%%
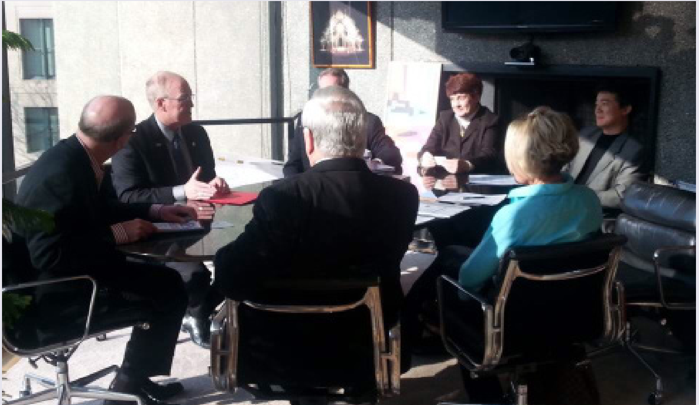
SAME APC meets with AIA National to sign the MOA
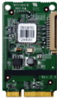
Full-size PCIe Mini
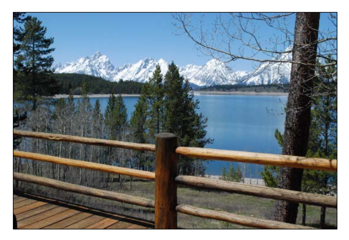
Figure 2. The view of Jackson Lake from the Lodge's deck. The lake is a possible pump site in case of a structure fire.

control. In case an emergency call needs to be placed, the Lodge and caretaker's cabin both have telephone landlines. Cellular phone reception in and near the Lodge, however, is weak.
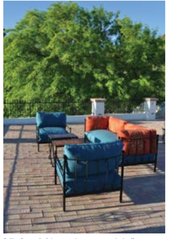
↑ The flat roof of this ramada serves as a deck offering sweeping views of the mountains and Arizona sunsets. It also incorporates a fire pit to ease the chill on cool winter nights. (Design and photography courtesy Exteriors By Chad Robert, Inc.)
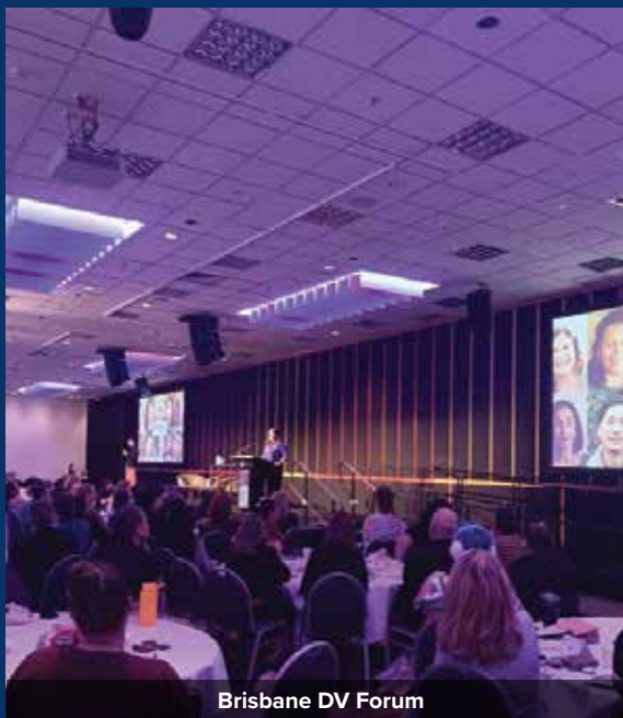
Brisbane DV Forum
%%
**TASK OBJECTIVE:** The copy should match the records above exactly, except that pictures are dropped.

**EXERCISE RESULT:**
SAME APC meets with AIA National to sign the MOA
Full-size PCIe Mini
Figure 2. The view of Jackson Lake from the Lodge's deck. The lake is a possible pump site in case of a structure fire.

control. In case an emergency call needs to be placed, the Lodge and caretaker's cabin both have telephone landlines. Cellular phone reception in and near the Lodge, however, is weak.
↑ The flat roof of this ramada serves as a deck offering sweeping views of the mountains and Arizona sunsets. It also incorporates a fire pit to ease the chill on cool winter nights. (Design and photography courtesy Exteriors By Chad Robert, Inc.)
Brisbane DV Forum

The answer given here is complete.